Last year, the Organization of American States (OAS) adopted a resolution stressing the need for its member states to develop a set of confidence-building measures (CBMs) for cyberspace. The objectives of the initiative include promoting trust, improving deterrence, and facilitating greater cooperation in cybersecurity. It is difficult to overstate the importance of this work amidst escalating geopolitical tensions online. Acknowledging this, the Cybersecurity Tech Accord signatories are today publishing a set of recommendations with the hope that they will help make the initiative even stronger. “Promoting international peace and stability by building trust between states in cyberspace: The importance of effective confidence-building measures,” highlights the value of effective CBMs, their potential to improve cybersecurity, and provides concrete guidance for states pursuing such efforts.
To say that cyberspace is a new domain of conflict is nothing new. The proverbial “fifth domain” of conflict has been recognized by military planners for over two decades and, according to research, more than sixty nations today are actively pursuing the development of offensive military capabilities in cyberspace. But while much digital ink has been spilled over this conceptual development, and states continue to rush to create new digital weapons in defense ministries around the world, far less has been done to build the necessary infrastructure to stabilize this domain of conflict in ways similar to the physical domains of air, land, sea, and space.
Diplomats, policymakers and experts from industry and civil society worked over many decades to identify ways to reduce conventional military tensions by promoting greater understanding among nations. Governments today provide advance notice of military maneuvers and exercises, transparency in defense budgets and strategies, and have even established direct lines of communication between heads of state to avoid consequential misunderstandings. Moreover, there have been cooperative efforts to build trust, including between adversaries at the height of the Cold War, on issues such as space research and even travel for years.
All these discrete efforts can be described as confidence-building measures, ways that states engage with each other to reduce tensions. It is not hard to see the value of these activities as they have contributed to the persistent reduction in both the number and scale of conflicts between states over the last century. What is also readily apparent, however, is the absence of much of this deliberate trust-building work in cyberspace. In this domain, capabilities and intentions are still held quite close to the vest and tensions continue to escalate.
There are certainly unique qualities to cyber conflict that have made the adoption of traditional CBMs more challenging, including the relatively nascent frameworks of norms for behavior and the lack of a comprehensive international legal framework from which expectations of behavior could be established.
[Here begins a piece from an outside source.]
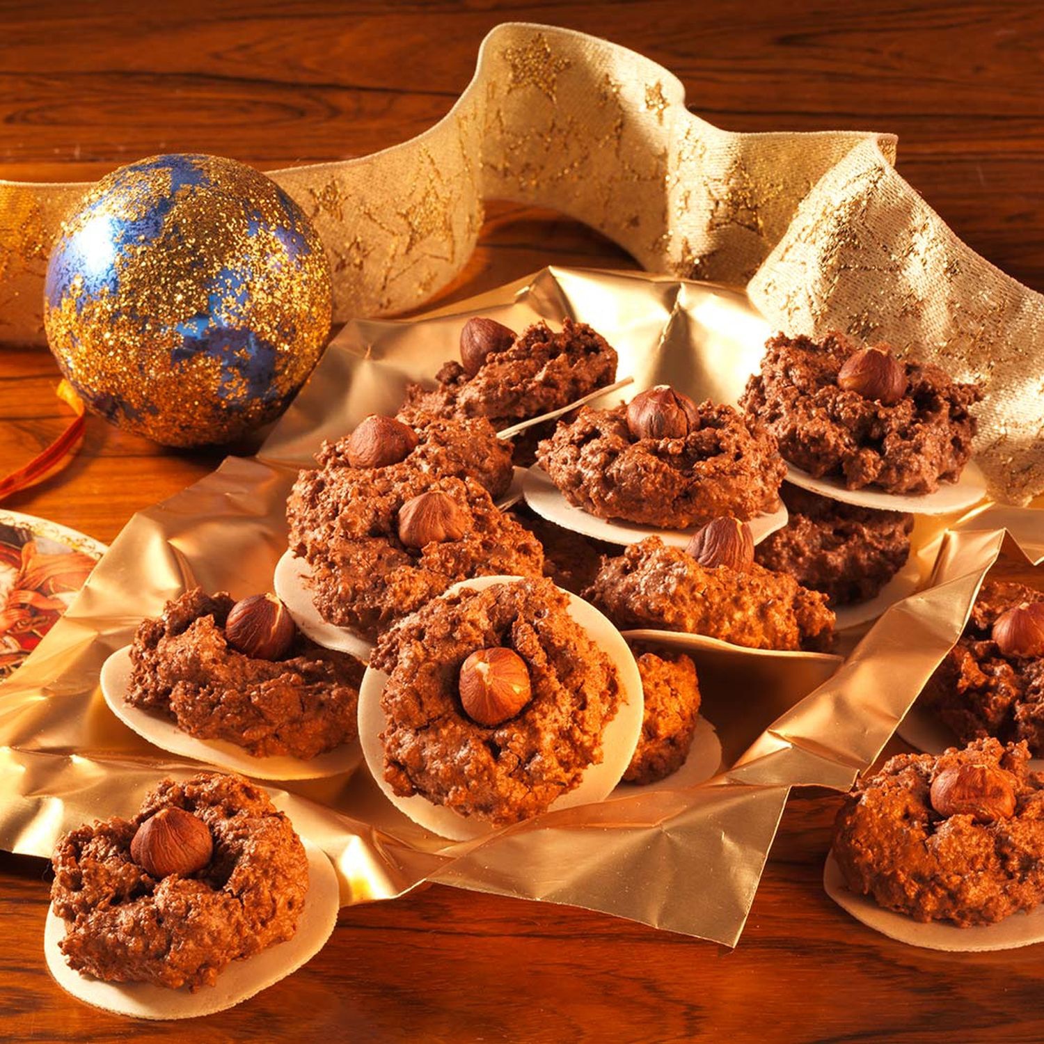 Mit einem Löffel kleine Häufchen auf die Oblaten setzen. Mit einer ganzen Haselnuss verzieren.

Naval vessels, for example, know that violating the territorial waters of another state is provocative precisely because there are international agreements about what territorial waters are. In addition, the virtual nature of cyberspace makes it inherently difficult to be convincingly transparent about one’s capabilities in the domain, especially as such capabilities are constantly evolving.
Just the same, progress in establishing effective CBMs for cyberspace is essential for the protection of a free and secure internet. And while challenging, there are meaningful steps that can be taken by states which the Cybersecurity Tech Accord enumerates in its report, including:
- Develop shared positions and interpretations of key cybersecurity issues and concepts,
- Appoint a “cyber ambassador” to facilitate engagement and monitor evolutions in capabilities,
- Engage in dialogues around developing clear cyber warfare doctrines, and around international law and cybersecurity norms,
- Develop a list of facilities that are off limits for cyber-attacks,
- Establish channels of communication to respond to requests for assistance from other states,
- Create measures to promote cooperation among legal, technical and diplomatic communities,
- Nurture cooperation between national Computer Emergency Response Teams (CERTs),
- Exercise cybersecurity scenarios, within the government, with key national stakeholders, and with other nations,
- Engage with other stakeholders – from government, civil society, and industry.
These are the kinds of activities that not only promote understanding between nations, but also improve states’ cybersecurity capabilities such that all nations become more secure online. While the pursuit of offensive technology in cyberspace may be unavoidable, nations should be encouraged to prioritize investments in defense. Even more critically, states should dedicate an equal amount of time and energy to engaging with one another to a) share cybersecurity learnings and benefits as soon, and as broadly, as possible; b) ensure their actions and intentions in cyberspace are not misinterpreted, leading to unintentional escalations; and c) increase the role of deterrence in cyberspace. Unlike other domains of conflict, cyberspace is not finite and gains are not zero-sum – when any nation is more secure, we are all more secure.